Craig Thompson: Habibi (Pantheon, 9/20/11)
Can love survive great hardship through words and memory alone?
In Habibi — where community can be explained in the recurrence of one myth among many people, where stories and art become protection for the downtrodden, and where people can be bought, sold, and traded as easily as water — Craig Thompson explores the possibility of love and connection in a failed state. “Habibi” is Arabic for “my beloved,” but what does that mean when you can’t control your own fate, much less that of your beloved?
Thompson’s previous novel, Blankets, explored his own coming of age (and first experience of freedom and love) against the backdrop of a harsh and forbidding religious community. A lyrical look at the complex nature of community and survival through love, Blankets also explored the role of religious belief in myth-making. Habibi revisits similar territory, transporting the narrative to the Arabic world while still dealing with similar issues of freedom and bondage, love found in the strangest places, and the magical qualities of words and memory.

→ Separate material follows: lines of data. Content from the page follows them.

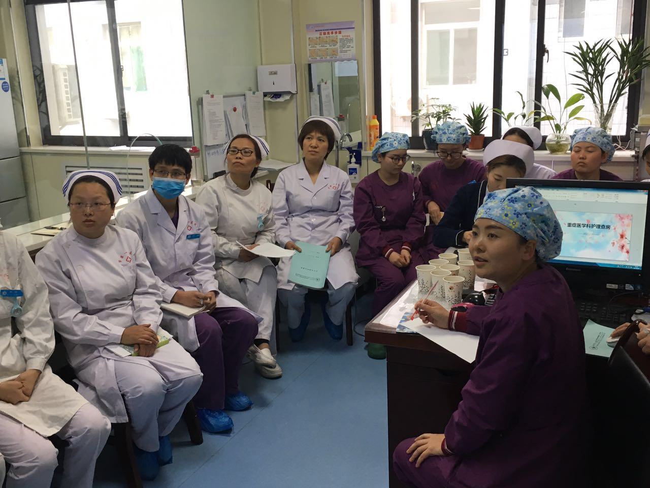 护理查房病例为女性,26岁,诊断为脑干出血、高血压3级(很高危),首先由重症医学科护士长刘红介绍了“脑干出血”的疾病概况,然后由该科责任护士杜欢对患者基本情况、治疗措施以及相关信息,汇报以PPT形式进行。在此过程中杜欢护士提出该患者的疑难护理问题,吸引在场不同层级的护士积极讨论发言并提出了护理措施方面的建设性意见,还有的护士表示可以帮助重症医学科解决降温毯等该患者急需的医疗设备。该患者因病情所需采取被迫体位,心血管总护士长齐银芝特别强调了预防压疮的重要性,并给出了固定头部,下半身30度垫起,使用气垫床可以相对延长翻身时间等护理措施;内科总护士长孙富英提出患者没有应激性溃疡的情况下,应尽早鼻饲进食,提高患者的抵抗力;大外科王卫妮、EICU赵敏、CCU张迪等老师都做了发言,对此次查房提出了宝贵的意见,使护理目标更加明确。各位护士长就大家的难点进行了解答。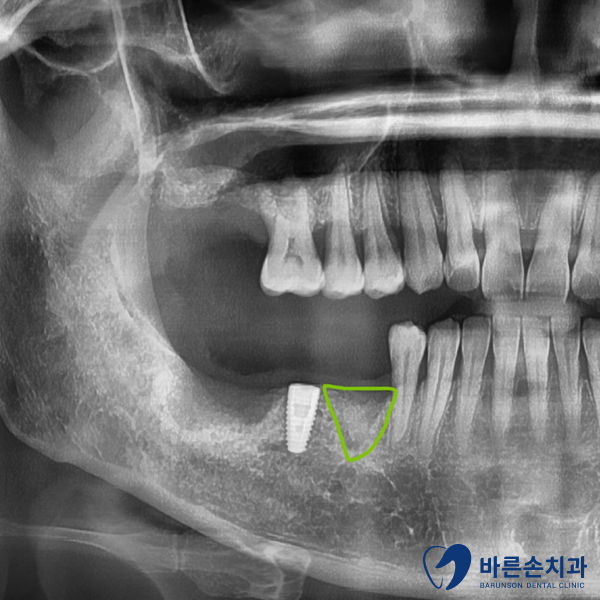 가운데 뼈가 있는 부분은 바로 임플란트를 식립했고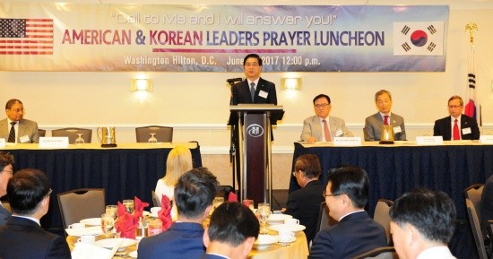 한·미 양국 대통령의 첫 정상 회담을 맞아 양국의 기독교 지도자들 300여 명이 한반도 평화와 한미 우호를 위한 기도회를 가졌다. 27일(현지시각), 미국 워싱턴DC 힐튼호텔에서 열린 이번 오찬기도회에는 이영훈 목사(여의도순복음교회 담임)와 안호영 주미 대사를 비롯해 미국 국가조찬기도회 하원의원 회장인 로버트 애덜홀트(Robert Adelholt), 토니 홀(Tony Hall, 前 미연방하원의원), 샘 로러(Sam Rohrer, American Pastor’s Network 총재) 등 미국측 인사와 황의춘 회장(세계한국인기독교총연합회), 정근모 장로(前 과기부 장관), 김영진 장로(前 농림부 장관), 홍문종 의원(국회조찬기도회장), 조배숙 의원(국민의당), 정유섭 의원(자유한국당), 고명진 목사(수원침례교회 담임), 한기채 목사(중앙성결교회 담임), 유관재 목사(기독교한국침례회 총회장), 이태근 목사(여의도순복음분당교회 담임) 등 한미 정·교계 지도자들이 참석했다.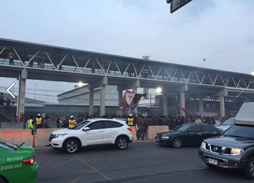 ทั้งนี้ ในเวลาเดียวกันภายในสนาม กำลังมีเกมส์การแข่งขันฟุตบอลโตโยต้า ไทยพรีเมียร์ลีกระหว่างทีมเอสซีจี เมืองทอง ยูไนเต็ด พบกับ นครราชสีมา มาสด้า เอฟซี โดยขณะนี้เจ้าหน้าที่ตำรวจกำลังอยู่ระหว่างเข้าควบคุมสถานการณ์ ความคืบหน้าจะรายงานให้ทราบต่อไป

Habibi follows Dodola, a girl sold into slavery at a young age, and Zam, the younger boy she meets in captivity. They grow up together as friends despite their differences, endure separation and changes (both of their own making and forced on them), and eventually carve out a life in a world of slavery and uncaring governments. Although they must make hard choices in order to survive, Dodola and Zam remain connected, even in the face of lengthy physical separation.